Abstract 17353: Effectiveness and Safety of Digoxin in Adults with Incident Systolic Heart Failure
Background: Current clinical guidelines endorse digoxin use for patients with symptomatic systolic heart failure (HF) on optimal medical therapy, but this recommendation is based on limited, older clinical trial data. We sought to evaluate the effectiveness and safety of digoxin in a contemporary cohort of patients with incident systolic heart failure and stratified by patient sex and serum digoxin concentration (SDC).
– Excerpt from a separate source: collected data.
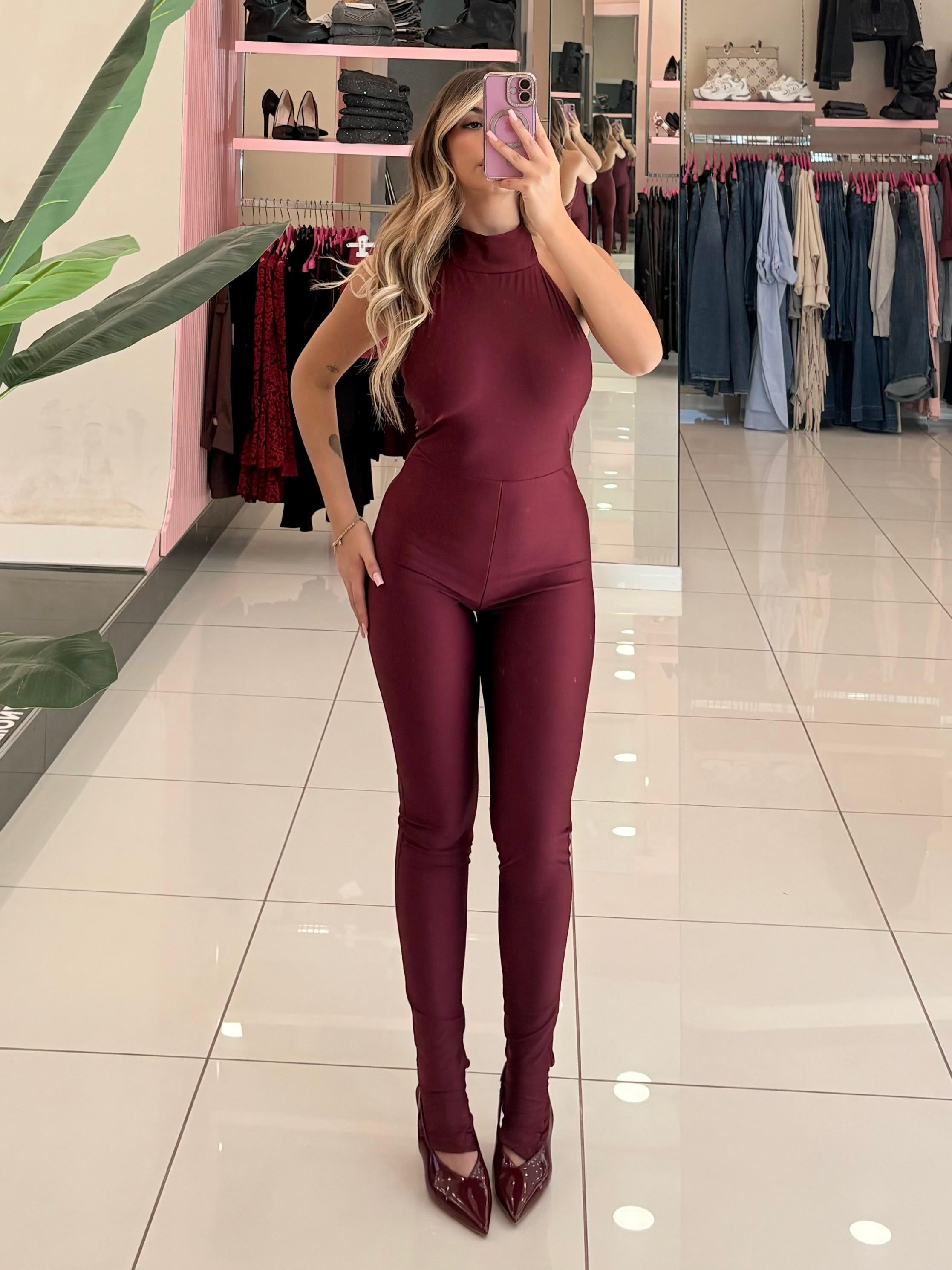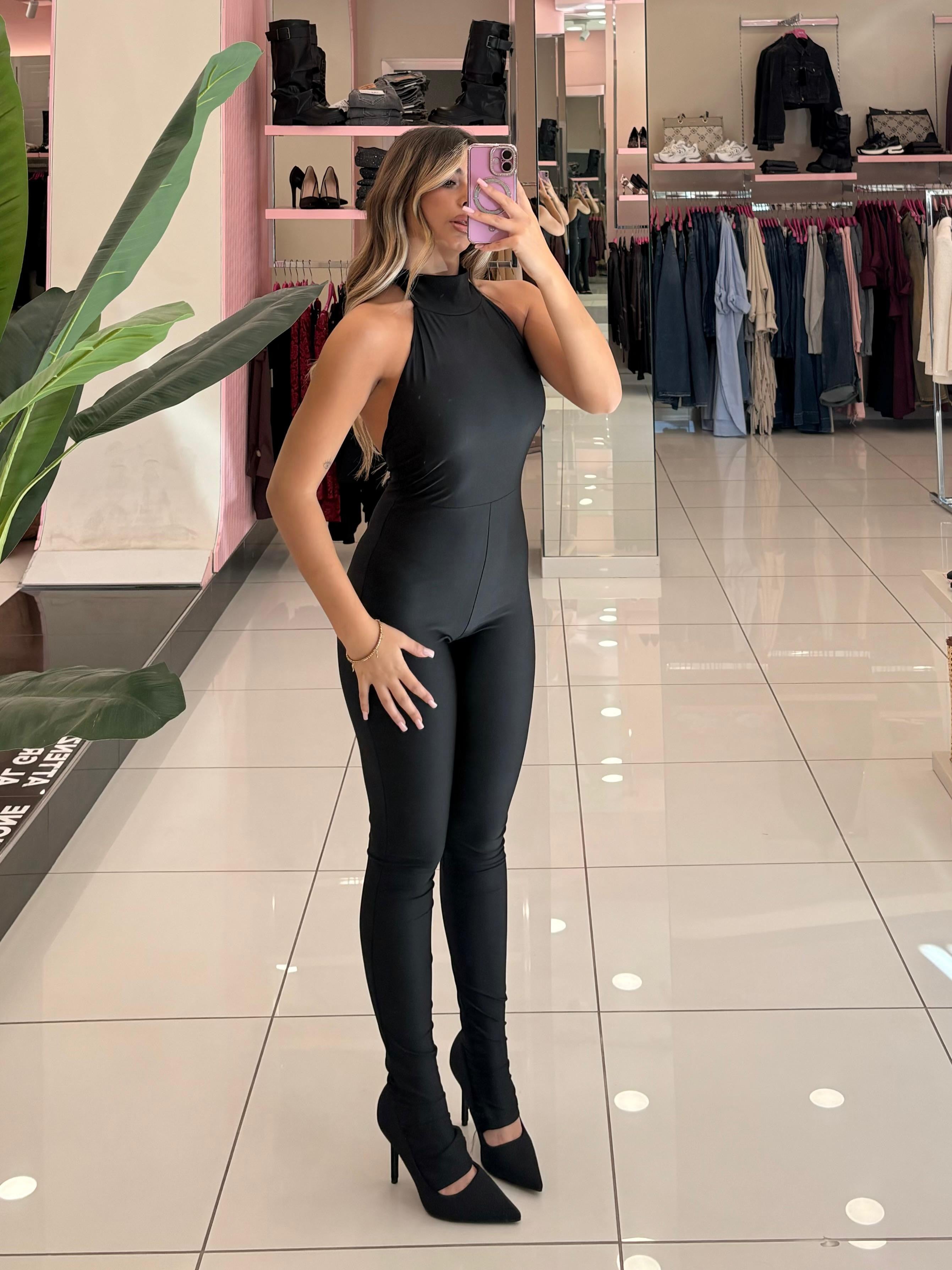 Tuta intera in licra contenitiva con aggrappatura caviglie e scollo schiena
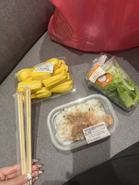 ジャックフルーツと、さっぱり食べられそうなサラダ、あとシャケ弁当を購入!!ローカル感と日本っぽさが混ざってるのが面白かった〜!
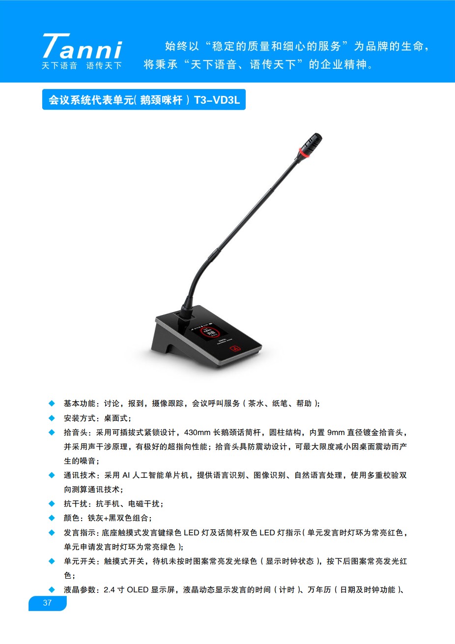 T3-VD3L会议系统代表单元(鹅颈咪杆)
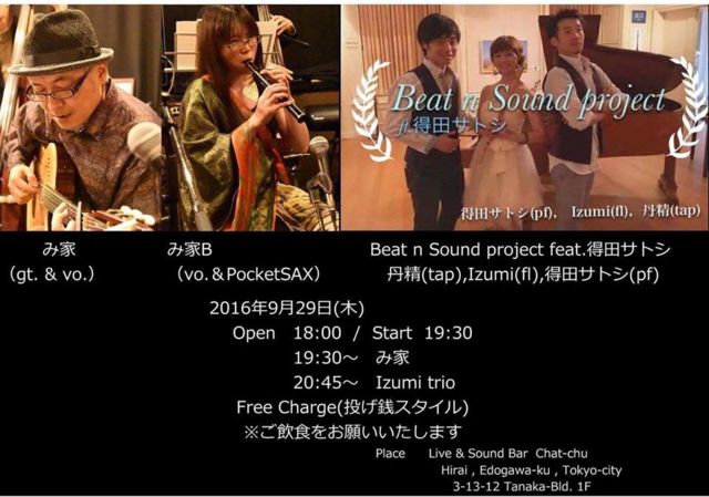 ¤ß²È¤µ¤ó¤ÈIzumi¤µ¤ó¥×¥í¥¸¥§¥¯¥È¤ÎÁÇŨ¤Ê¥³¥é¥Ü¥é¥¤¥ÖÂè3ÃÆ¤Ç¤¹¢ö ¾¤Ç¤Ï¸«¤é¤ì¤Þ¤»¤ó¤è¡Á^^ 2016ǯ9·î29Æü(ÌÚ) 18:00¡¡OPEN 19:30¡¡START 19:30¡Á¡¡¤ß²È 20:45¡Á¡¡Izumi trio feat.ÆÀÅÄ¥µ¥È¥· Free Charge(ÅꤲÁ¬¥¹¥¿¥¤¥ë) ¢¨¥Æ¡¼¥Ö¥ë¥Á¥ã¡¼¥¸500±ß+¤´°û¿©¤ò¤ª´ê¤¤¤¤¤¿¤·¤Þ¤¹ ³§ÍͤΤ´ÍèŹ¤ò¿´¤è¤ê¤ªÂÔ¤Á¤·¤Æ¤¤¤Þ¤¹¢ö
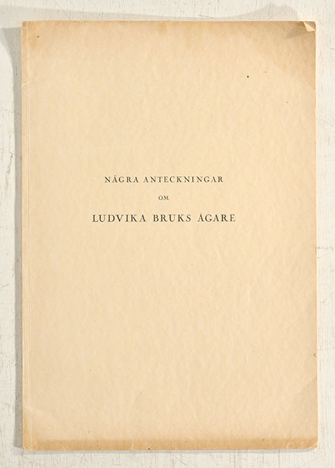 Utgiven i 200 numrerade exemplar, varav detta är nummer 126. Anteckningar nedskrivna i samband med en festskrift från vänner, tillägnad häradshövding Carl Roth på Ludvika bruk på hans 60-årsdag. Bland de tidigare ägarna märks kronan, Axel Lillie, Jacob och David Leijel, släkten Cedercreutz i flera generationer, Anders Wetterdahl och sedan släkten Roth i flera generationer.
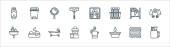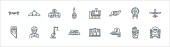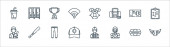 Ikony sławy. zestaw liniowy. wysokiej jakości zestaw linii wektorowych, takich jak latarka, dywan, samoloty, reflektory, trofeum, flaga, czat wideo, trofeum

Methods: We identified patients with incident systolic HF between 2006 and 2008 in the Kaiser Permanente of Northern California health system. We used multivariable extended Cox regression to examine the association between incident digoxin use and death and hospitalization for HF, controlling for patient medical history, physical exam, diagnostic tests, laboratories, and medications. Longitudinal drug use, patient characteristics and outcomes were identified based on validated algorithms using health plan automated databases. Analyses were also conducted stratifying by sex and SDC.
Results: Among 2891 patients with incident systolic HF followed for a mean 2.4 years, digoxin users had higher rates of death (14.2% vs 11.3%) and HF hospitalization (28.2% vs 24.4%). In adjusted analysis, digoxin was associated with excess mortality (odds ratio (OR) 1.60, 95% confidence interval (CI) 1.18-2.17) and HF hospitalization (OR 1.40, 95% CI 1.05-1.86). Compared with non-use, new digoxin use with SDC ≥1.2 ng/mL had higher odds of HF hospitalization and borderline higher odds of death (Table); SDC ≤0.8 ng/mL had higher odds of death. Digoxin use was associated with higher adjusted rates of HF hospitalization and death in men but not in women (Table).
Conclusions: Digoxin was associated with a higher risk of death and HF hospitalization, however these risks were dependent on SDC. Digoxin was linked to a higher risk of adverse events in men but not significantly so for women.
- © 2011 by American Heart Association, Inc.